PROBLEM STATEMENT
From the line with "Nuestro propósito principal" down to the final line of the material, please transcribe everything exactly, but leave the pictures out.

━━ INFORMATION SHOWN

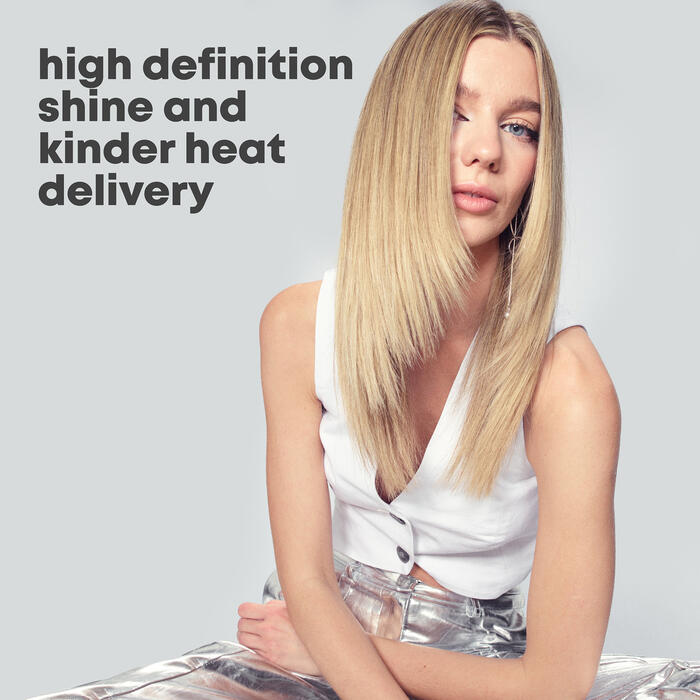 Керамические и генерирующие инфракрасное излучение пластины, пропитанные сверхгладким кератином Progloss™, аргановым и кокосовым маслами для бережной передачи тепла и ультрагладкой поверхности.
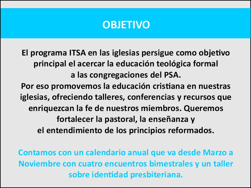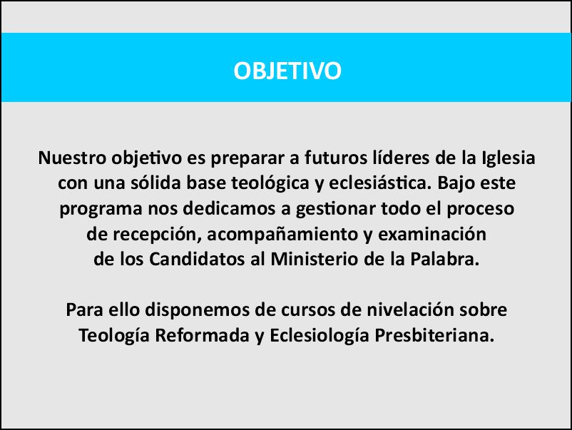 Nuestro propósito principal es edificar y equipar a las congregaciones presbiterianas, brindando recursos, formación y apoyo a los PM, PG y miembros. Pero también ofrecer educación teológica de calidad a todo el Cuerpo de Cristo. Queremos que cada persona encuentre en nuestras iglesias un espacio de crecimiento espiritual, educación sólida y compromiso con los principios de la fe reformada.
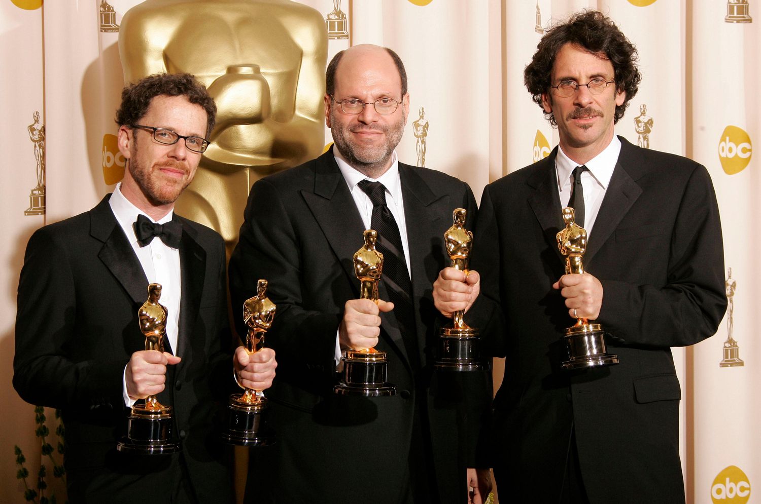 Francis Specker / Alamy / Vida Press Этан Коэн, Скотт Рудин и Джоэл Коэн со своими «Оскарами» за фильм «Старикам здесь не место» на 80-й церемонии вручения премии . Лос-Анжелес, 2007 год

━━━━

SOLVED PROBLEM
 Nuestro propósito principal es edificar y equipar a las congregaciones presbiterianas, brindando recursos, formación y apoyo a los PM, PG y miembros. Pero también ofrecer educación teológica de calidad a todo el Cuerpo de Cristo. Queremos que cada persona encuentre en nuestras iglesias un espacio de crecimiento espiritual, educación sólida y compromiso con los principios de la fe reformada.
 Francis Specker / Alamy / Vida Press Этан Коэн, Скотт Рудин и Джоэл Коэн со своими «Оскарами» за фильм «Старикам здесь не место» на 80-й церемонии вручения премии . Лос-Анжелес, 2007 год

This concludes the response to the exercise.